THE NEW EUROPEAN CONSTITUTION is further evidence of European decadence. David Frum writes on June 15 of former French president Valery Giscard D’Estaing, chairman of the European Union’s constitutional convention:

"`I tried to play a little bit the role that Jefferson played, which was to instill leading ideas into the system,’ [Giscard] said of his 16-month adventure in producing the first draft of a constitution for Europe. ‘Jefferson was a man who wrote and produced elements that consolidated the Constitution.’"
Jefferson, of course, had nothing to do with the Constitution; he drafted the Declaration of Independence, but he was in France during the Constitutional Convention.

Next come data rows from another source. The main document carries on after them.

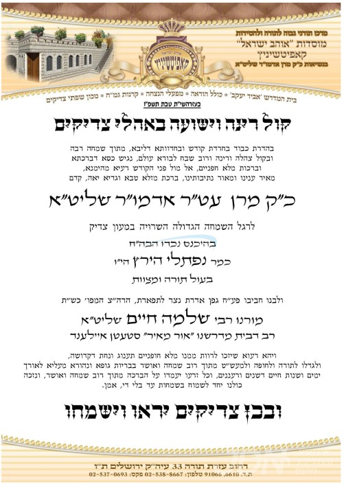 שמחת בית סטריקוב – זוועהיל: עס איז געשלאסן געווארן די שידוך פונעם חתן א זון פון הגה"צ ר' יעקב יוסף הירשלער שליט"א, זון פון הגה"צ ר' שמעון הירשלער זצ"ל פון לאנדאן, און איידעם ביי כ"ק אדמו"ר מלויעוו טשערנאביל פארשעי שליט"א, מיט די כלה א טאכטער פון הגה"צ ר' שלמה גאלדמאן שליט"א ראש ישיבת תורת שלמה זוועהיל, זון פון כ"ק אדמו"ר מזוועהיל ירושלים שליט"א, און איידעם ביי כ"ק אדמו"ר מסטריקוב שליט"א.
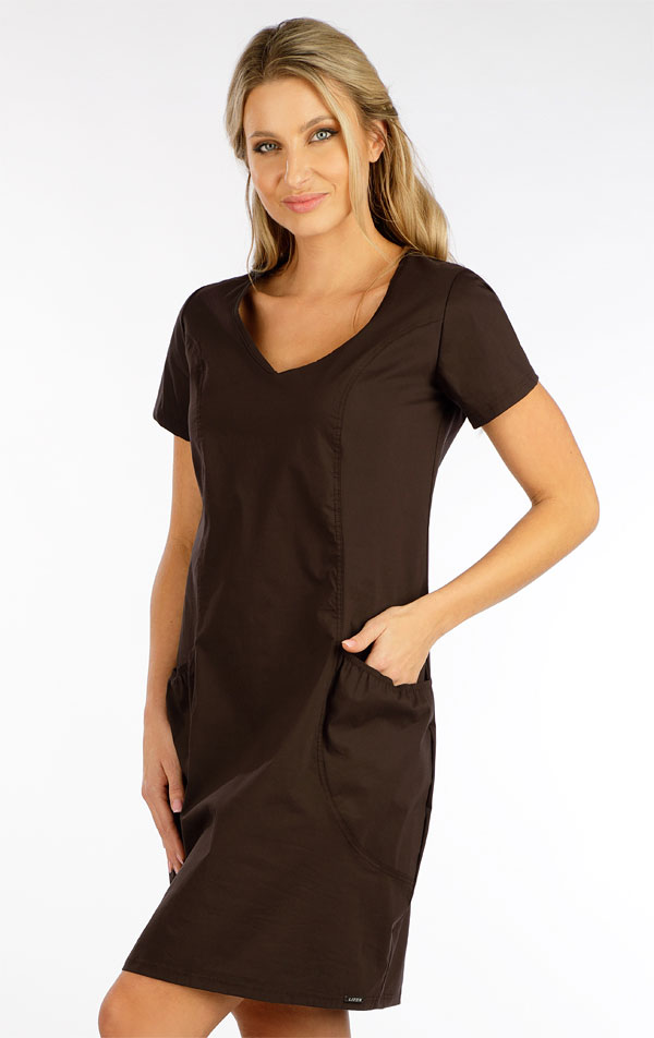 Dámske šaty s krátkym rukávom. Efektné členenie na prednom diele s riasenými vreckami.
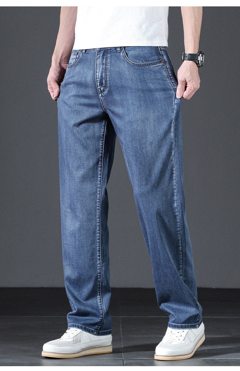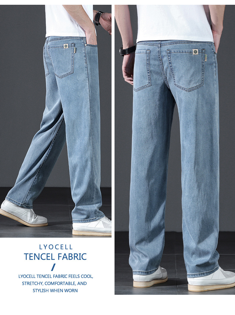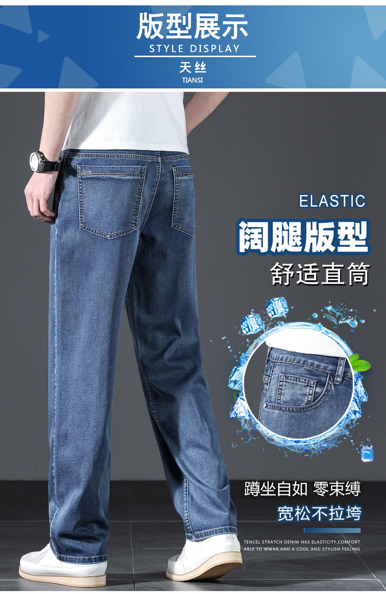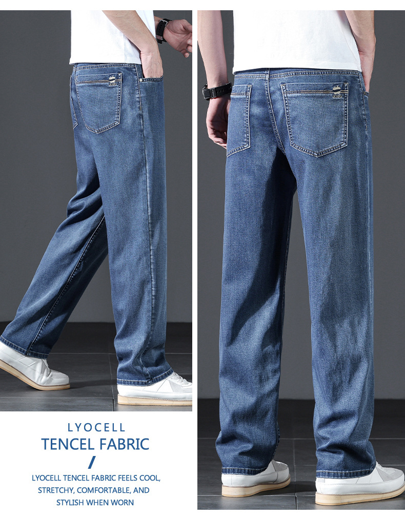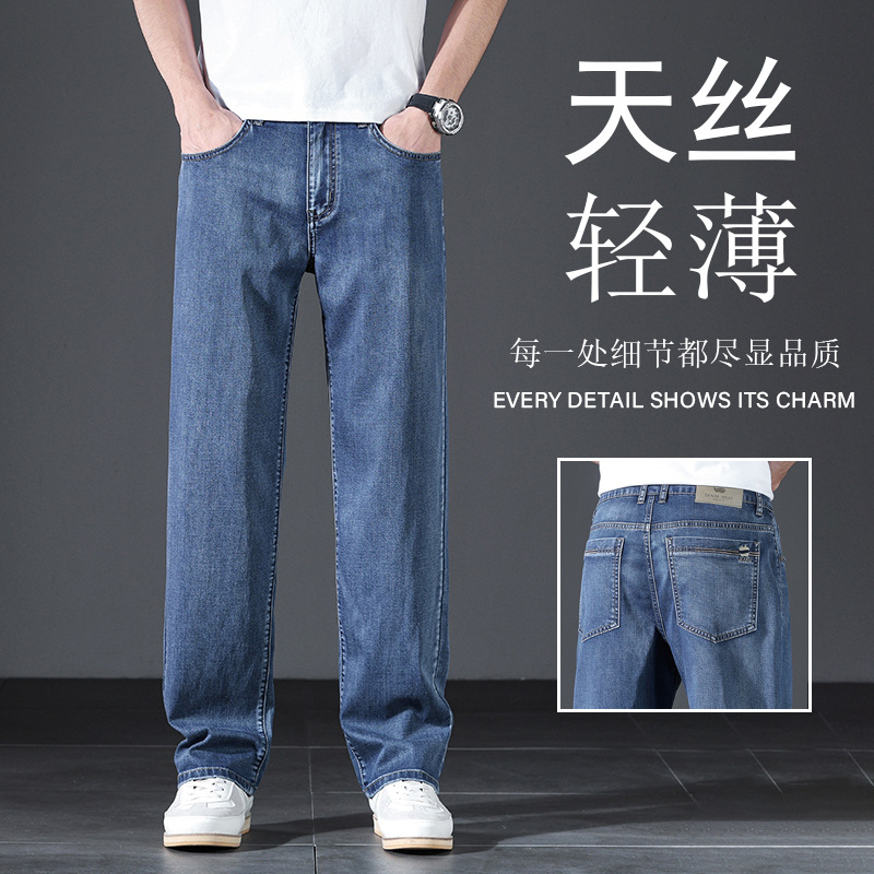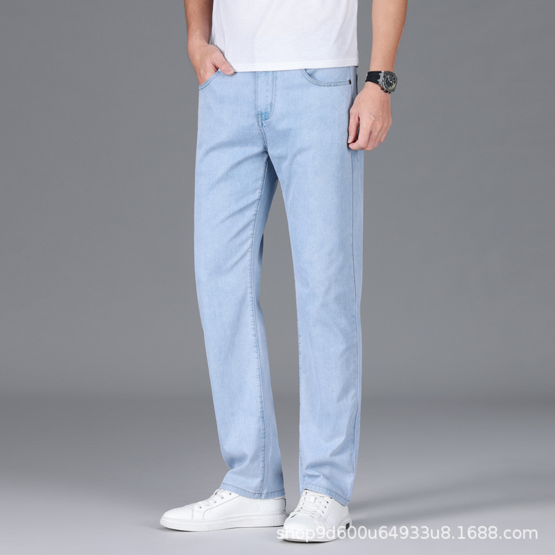 텐셀 여름 초박형 청바지 남성 높은 허리 느슨한 직선 탄성 비즈니스 캐주얼 뉴 플러스 사이즈 남성 바지스토어 가기

Mr. Frum's comment:

"Now look: The U.S. Constitution is the most famous constitutional document on planet Earth. Giscard is the man charged with the biggest constitutional job of our decade. He is, as he often points out, a highly intelligent man of considerable learning. What on earth does it say about him that he cannot be bothered to master the difference between the U.S. Declaration of Independence and the U.S. Constitution? What does it say about the political milieu in which he moves that there is nobody there to catch him on his error?"
American politicians don't pretend to be intellectuals (with a notorious exception we all remember), but French politicians do. Apparently it is indeed just pretending.